— TASK BRIEF —
Take nothing but the lines from the one with "家系が持つ宿命的な運勢を表し" through the one with "- Anti-resonance 30" in the entries below, both ends kept, and return them exactly with pictures left out.

— AVAILABLE RECORDS —
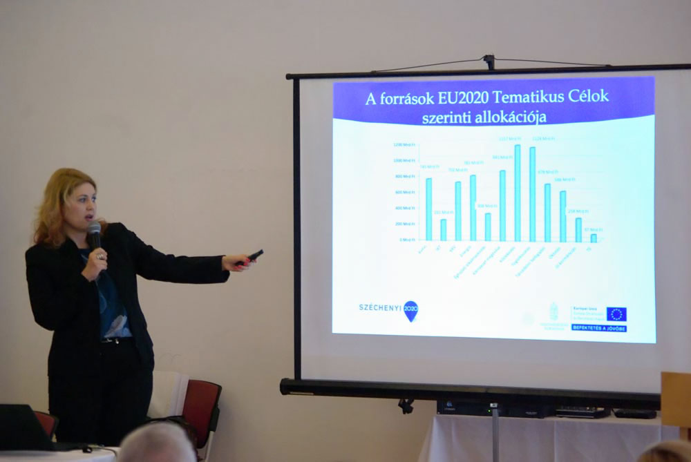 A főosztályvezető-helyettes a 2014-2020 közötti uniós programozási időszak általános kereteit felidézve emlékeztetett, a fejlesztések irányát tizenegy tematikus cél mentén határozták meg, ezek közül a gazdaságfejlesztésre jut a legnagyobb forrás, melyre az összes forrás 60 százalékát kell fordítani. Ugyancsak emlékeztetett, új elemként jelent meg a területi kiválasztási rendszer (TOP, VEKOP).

* * *

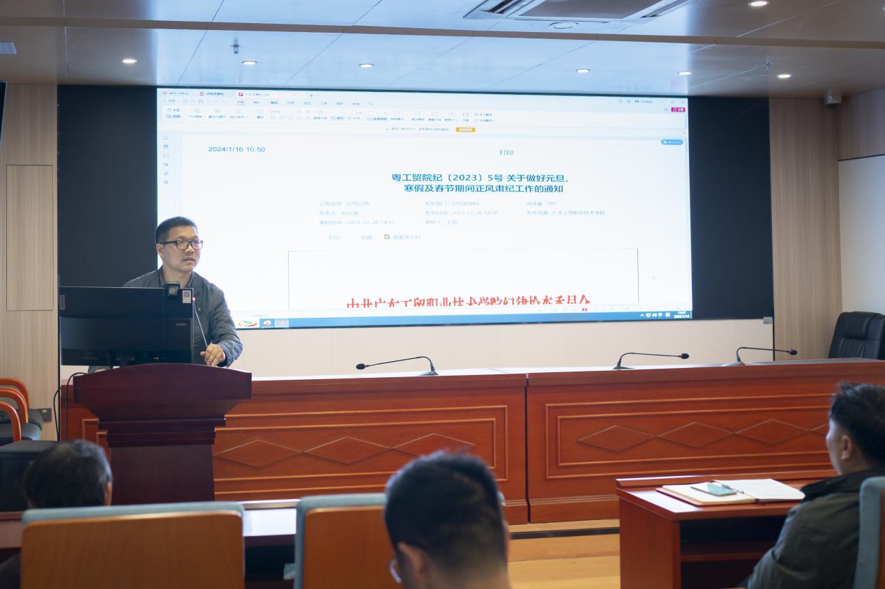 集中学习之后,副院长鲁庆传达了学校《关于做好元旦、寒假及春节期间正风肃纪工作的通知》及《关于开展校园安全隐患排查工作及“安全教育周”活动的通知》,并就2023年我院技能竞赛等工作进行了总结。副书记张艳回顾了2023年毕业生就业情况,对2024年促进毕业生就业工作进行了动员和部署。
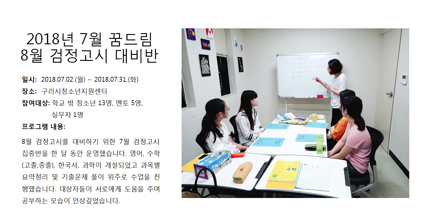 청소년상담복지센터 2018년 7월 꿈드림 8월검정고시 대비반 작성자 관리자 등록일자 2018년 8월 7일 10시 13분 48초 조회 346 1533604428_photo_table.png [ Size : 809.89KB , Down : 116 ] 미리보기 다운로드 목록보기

==

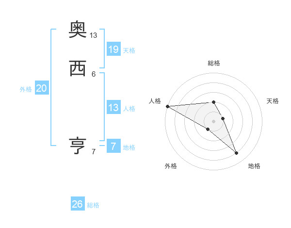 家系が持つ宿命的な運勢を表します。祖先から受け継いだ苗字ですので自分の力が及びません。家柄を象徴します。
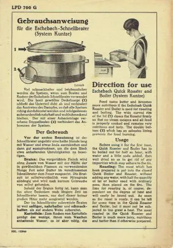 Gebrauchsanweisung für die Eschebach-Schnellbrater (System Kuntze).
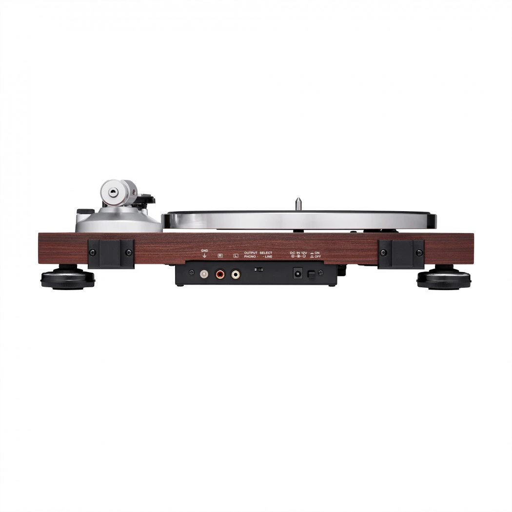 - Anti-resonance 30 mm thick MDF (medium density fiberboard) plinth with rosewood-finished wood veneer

— EXERCISE RESULT —
 家系が持つ宿命的な運勢を表します。祖先から受け継いだ苗字ですので自分の力が及びません。家柄を象徴します。
 Gebrauchsanweisung für die Eschebach-Schnellbrater (System Kuntze).
 - Anti-resonance 30 mm thick MDF (medium density fiberboard) plinth with rosewood-finished wood veneer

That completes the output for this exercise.